The answer is an exact copy of the lines from the one with "産業廃棄物・特別管理産業廃棄物収集運搬業 許可申請等の手引き 抜粋" to the end of the listing below, pictures left out.

++++ Raw data ++++

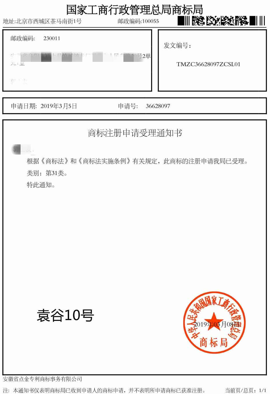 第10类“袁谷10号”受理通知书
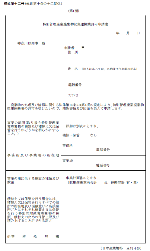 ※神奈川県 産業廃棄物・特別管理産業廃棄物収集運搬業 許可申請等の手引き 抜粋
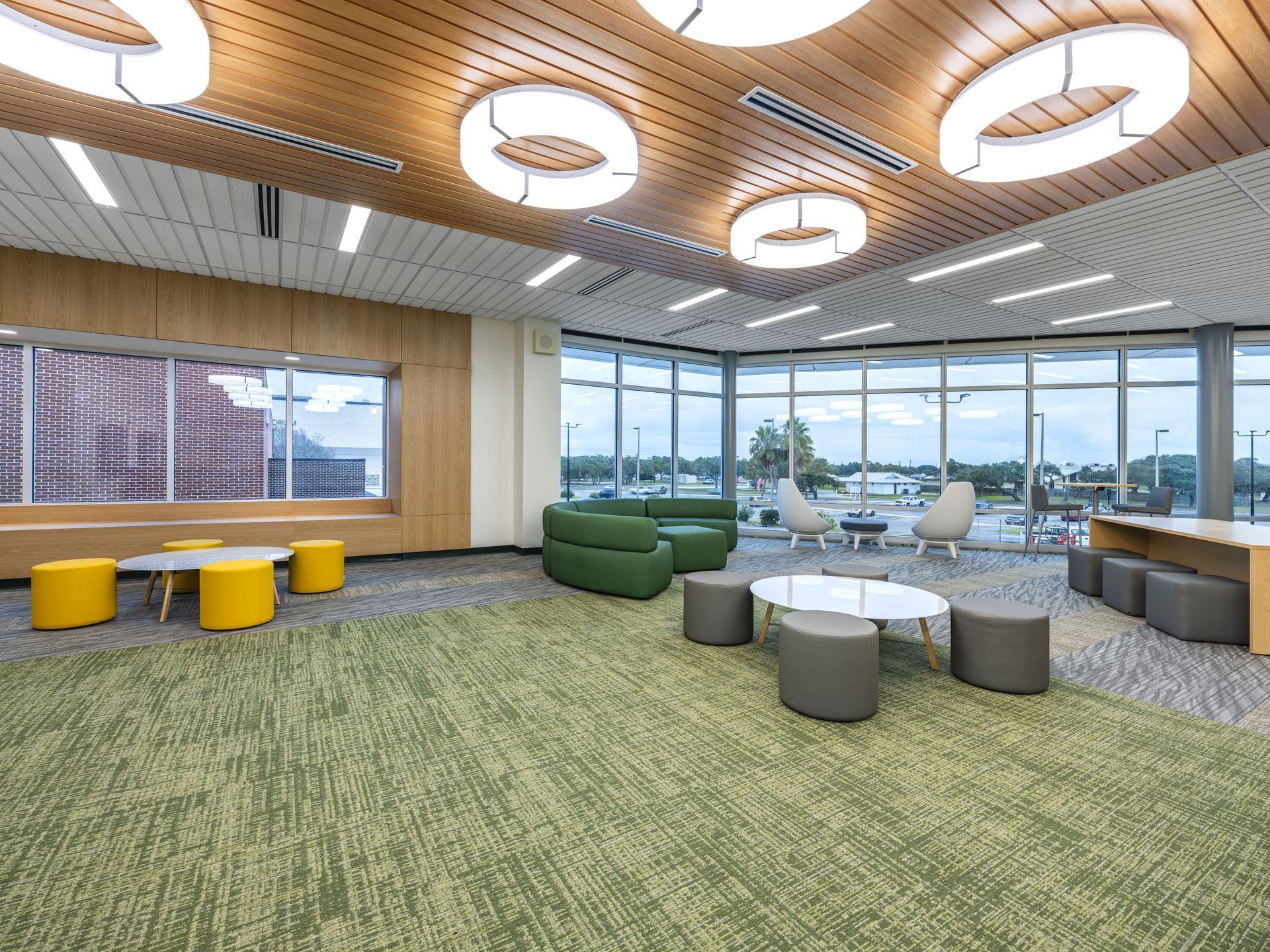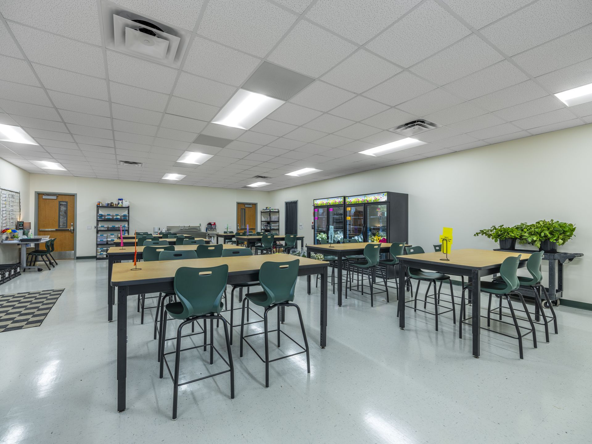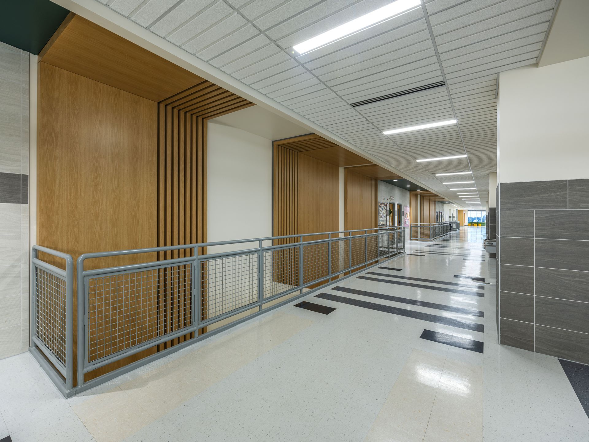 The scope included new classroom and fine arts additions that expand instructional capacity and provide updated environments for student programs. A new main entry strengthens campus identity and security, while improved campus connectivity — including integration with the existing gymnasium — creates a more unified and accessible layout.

++++

(Exercise output):
 ※神奈川県 産業廃棄物・特別管理産業廃棄物収集運搬業 許可申請等の手引き 抜粋
 The scope included new classroom and fine arts additions that expand instructional capacity and provide updated environments for student programs. A new main entry strengthens campus identity and security, while improved campus connectivity — including integration with the existing gymnasium — creates a more unified and accessible layout.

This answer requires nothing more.